7 ways to make yourself more likeable (& more hireable)

Being likeable is a big part of being employable. This doesn’t just apply to the application and interview process, but also to your day-to-day life. Because in your day to day life is where you meet people who can refer you to the awesome life-changing job you’re looking for.

People help people they like. But if you’re shy or socially awkward, being likeable can be a challenge. A lot of us are actually nice, interesting people. We’re just not good at social situations, and we’re so concerned about the impression we’re making that we totally mess it up by trying too hard.

Don’t worry. Here are seven super easy things you can do in social situations that will make you more likeable.

Smile. Research suggests that not only does smiling make you more likeable, it also helps people remember you.
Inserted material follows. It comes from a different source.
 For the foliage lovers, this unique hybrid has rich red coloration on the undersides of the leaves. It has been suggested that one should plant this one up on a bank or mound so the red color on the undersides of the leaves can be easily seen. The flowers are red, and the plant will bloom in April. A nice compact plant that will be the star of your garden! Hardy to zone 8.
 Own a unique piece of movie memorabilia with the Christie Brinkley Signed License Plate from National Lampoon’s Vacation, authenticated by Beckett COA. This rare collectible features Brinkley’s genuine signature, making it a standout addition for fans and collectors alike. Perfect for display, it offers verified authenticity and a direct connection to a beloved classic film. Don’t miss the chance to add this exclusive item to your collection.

Don’t smile all the time…that will just freak everyone out. But smile when you first see people – it shows you’re happy to see them – and when you say goodbye. One study found that, in an actual job interview, smiling less in the middle of the interview and more at the start and at the end was correlated with increased hiring.

Be happy to see people and greet them by name. We have all experienced the pleasure of being greeted by name by someone we’ve only met once before. And the joy of seeing someone light up when they see us. There’s this one woman I work with who always happily says my name when I arrive, and I just think she’s the bee’s knees. Don’t those people make you feel great? Be one of those people. Everyone likes to feel like we’re valued and important. We also like feeling that we’re memorable – and we like the people who make us feel that way.
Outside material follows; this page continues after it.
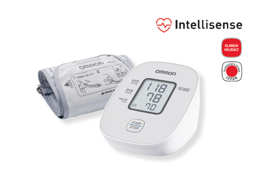Intellisense mérési technológia - Minden OMRON vérnyomásmérő szabadalmazott logikai algoritmussal rendelkezik, vagyis a mandzsettafelfújás személyre szabott, fájdalom nélküli, szemben a hagyományosautomata vérnyomásmérőkkel.
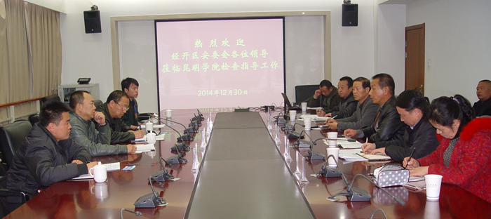 在工作汇报会上,李副校长首先对经开区安委会领导到我校检查指导工作表示热烈欢迎,对安委会一直以来对yl23455永利官网安全生产工作的关心支持表示衷心感谢,并向考核组汇报了我校2014年安全生产工作的特点,即:一把手工程(党政领导高度重视,齐抓共管,切实把安全生产工作摆上议事日程,为工作开展提供了强有力的组织保障);二个结合(校内各部门、师生的参与及校外相关部门之间的有效结合):突出“三性”(校园安全生产工作注重责任性、超前性、整体性);抓好安全工作四个环节(教育环节、排查环节、防范环节、及时处置环节)。方处长接着从加强组织领导、深入开展安全检查、推进消防工作规范化制度化建设、加强交通安全管理、开展安全宣传教育五个方面详细汇报了我校2014年安全生产工作。

Ask questions. Ask people about themselves, ask their opinions, and ask for advice. People love it when you ask them for advice. It makes them think you’re smart because you value their opinions. Seriously. Science says so. Be careful though. I ask a LOT of questions, and then follow up questions, and then I sometimes find I’m pretty much interrogating some poor victim – this is because I’m naturally interested in what they have to say, but I’m sure it gets annoying. Show interest. Don’t interrogate. And remember to listen to the answers. (Or, do as I say, not as I do.)

Listen. The other day, in the middle of a conversation, someone I had just met said to me, “I like how I can tell you’re listening to what I’m saying by the questions you’re asking.” (So, I’m not always bad.) I took this as a huge compliment since listening is a skill I’ve been working hard to master.
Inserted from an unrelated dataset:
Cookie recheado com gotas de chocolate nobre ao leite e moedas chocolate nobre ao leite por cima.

Listening doesn’t just mean waiting your turn to talk, making listening faces, looking for something to argue with, or trying to figure out how what the other person is saying pertains to you. It means hearing what they’re saying, figuring out what they’re trying to communicate through what they’re saying, and why.

When you can respond to someone demonstrating that you’ve done that, people will appreciate it.

Be interested. Be interested in life and the world. Go out and do things. Learn, read, wonder, see movies, go to parties and events. Turn off Netflix and go out and do things. It’s OK to watch a little Netflix. It’s not OK if binge-watching is all you do. People will think you’re boring. Not only will taking an interest in the world enrich your own life, it will make you more interesting to others. And as a result, more employable, of course.

Be helpful. If you can help someone, do. If someone asks you for advice, to borrow something, or for help you can provide, give it to them. Too busy? No, you’re not. There’s a Preston Sturges quote that goes, “If you ever want anything done, always ask the busy man. The others never have time.” Being helpful makes you likeable. It also inspires others to help you when you need it, like with looking for a job.

Quit hating on stuff. A lot of people think it’s cool to hate on stuff that other people enjoy – types of music and movies, celebrities, sports events … I’ve noticed this more with my own generation, Gen X, than with the younger generation of millennials who tend to be more earnest and less self consciously ironic (in my experience). But nobody should be doing this. Hating on stuff is boring, and insulting to people who enjoy those things. Plus, those people will think you have bad taste. If you start making fun of something I like (often not knowing that it’s something that I like), it doesn’t endear you to me, it makes me think you have bad taste and maybe aren’t smart enough to appreciate that thing. I won’t say this to you. But I’m not going to be impressed.

I am going to be impressed if you smile at me, remember my name, and are interested and interesting. All of these things are pretty easy to be. You just have to start.